*Assignment*: For this exercise, repeat exactly the lines below starting at the line holding "Купить (2 шт.)" and ending at the line holding "CHP Grup Başkanvekili", both included, with no extra lines and no pictures.

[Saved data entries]
========================================

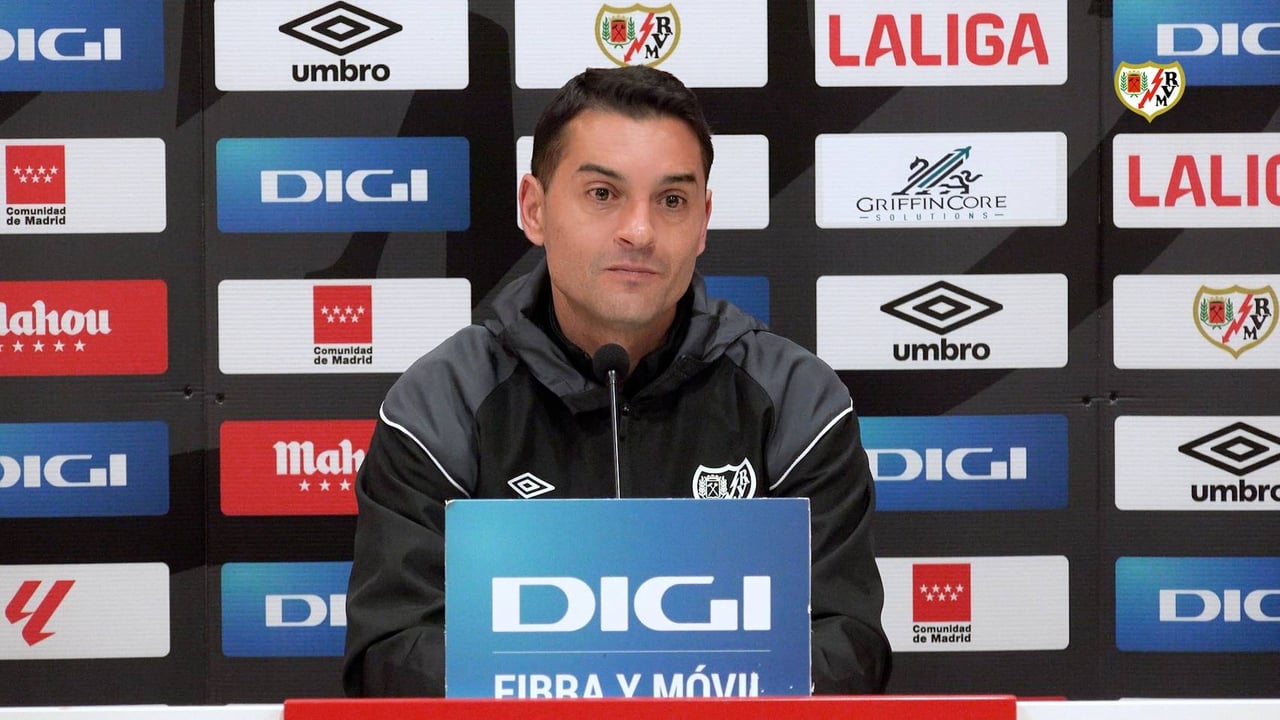 El técnico del Rayo Vallecano prestó declaraciones a los medios en la previa del partido ante el Mallorca en Son Moix de la jornada 24 de LaLiga EA Sports
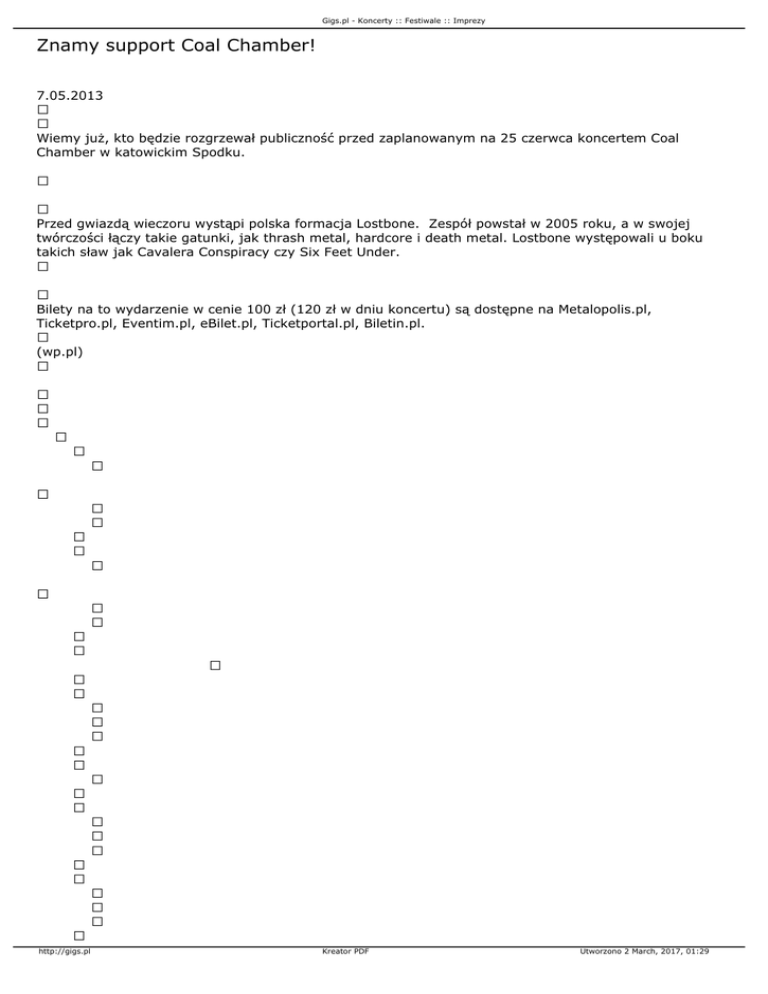 Gigs.pl - Koncerty :: Festiwale :: Imprezy Znamy support Coal Chamber! 7.05.2013 Wiemy już, kto będzie rozgrzewał publiczność przed zaplanowanym na 25 czerwca koncertem Coal Chamber w katowickim Spodku. Przed gwiazdą wieczoru wystąpi polska formacja Lostbone. Zespół powstał w 2005 roku, a w swojej twórczości łączy takie gatunki, jak thrash metal, hardcore i death metal. Lostbone występowali u boku takich sław jak Cavalera Conspiracy czy Six Feet Under. Bilety na to wydarzenie w cenie 100 zł (120 zł w dniu koncertu) są dostępne na Metalopolis.pl, Ticketpro.pl, Eventim.pl, eBilet.pl, Ticketportal.pl, Biletin.pl. (wp.pl) http://gigs.pl Kreator PDF Utworzono 2 March, 2017, 01:29 Gigs.pl - Koncerty :: Festiwale :: Imprezy http://gigs.pl Kreator PDF Utworzono 2 March, 2017, 01:29
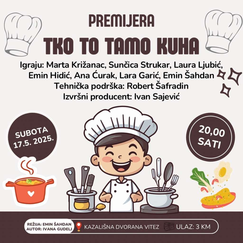 VITEZ, 16. svibnja (FENA) - U okviru ovogodišnje manifestacije 10. dani hrvatskog kazališta u Bosni i Hercegovini, publika će imati priliku pogledati premijeru predstave „Tko to tamo kuha?“ u izvebi Gradsko kazalište mladih Vitez. Premijera će biti izvedena u subotu, 17. svibnja, u Kazališnoj dvorani u Vitezu, s početkom u 20 sati.
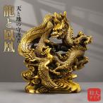 風水 特大 龍と鳳凰 置物 ゴールド ドラゴン フェニックス 不死鳥 竜 玄関 風水グッズ 開運祈願 金運祈願 風水龍 アイテム 龍神 開運 金運 財産運 出世運 恋愛運
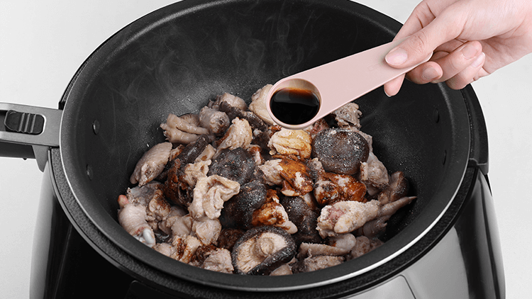 1、放入黄酒1大勺、生抽1大勺、老抽0.5大勺。
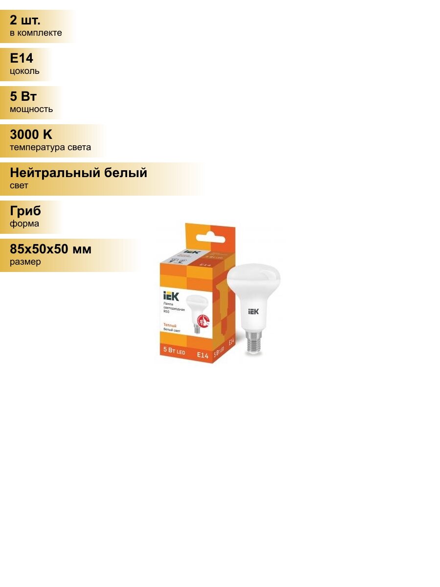 Купить (2 шт.) Светодиодная лампочка IEK R50 E14 5W(450lm) 3000K 2K 85x50 матов. ECO LLE-R50-5-230-30-E14 Нейтральный белый. Цоколь E14
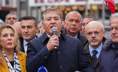 CHP Grup Başkanvekili Murat Emir, Giresun Milletvekili Elvan Işık Gezmiş, Çanakkale Milletvekili İsmet Güneşhan, meclis üyeleri ve partililer Cumhuriyet Meydanı'nda bir araya geldi.
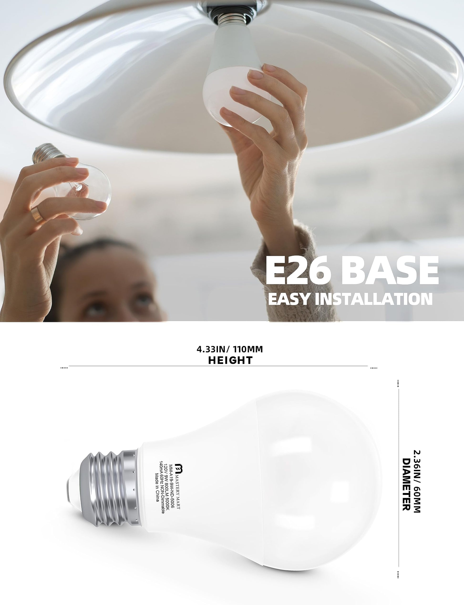MASTERY MART A19 [60-Watt] Led Light Bulbs, E26 Base, 5000K Bright Daylight White, 800 Lumens, CRI 80+, Non-Dimmable, Energy Star, UL Listed, 9W [60W Equivalent]- (6 Pack)

========================================

*Problem solution*:
 Купить (2 шт.) Светодиодная лампочка IEK R50 E14 5W(450lm) 3000K 2K 85x50 матов. ECO LLE-R50-5-230-30-E14 Нейтральный белый. Цоколь E14
 CHP Grup Başkanvekili Murat Emir, Giresun Milletvekili Elvan Işık Gezmiş, Çanakkale Milletvekili İsmet Güneşhan, meclis üyeleri ve partililer Cumhuriyet Meydanı'nda bir araya geldi.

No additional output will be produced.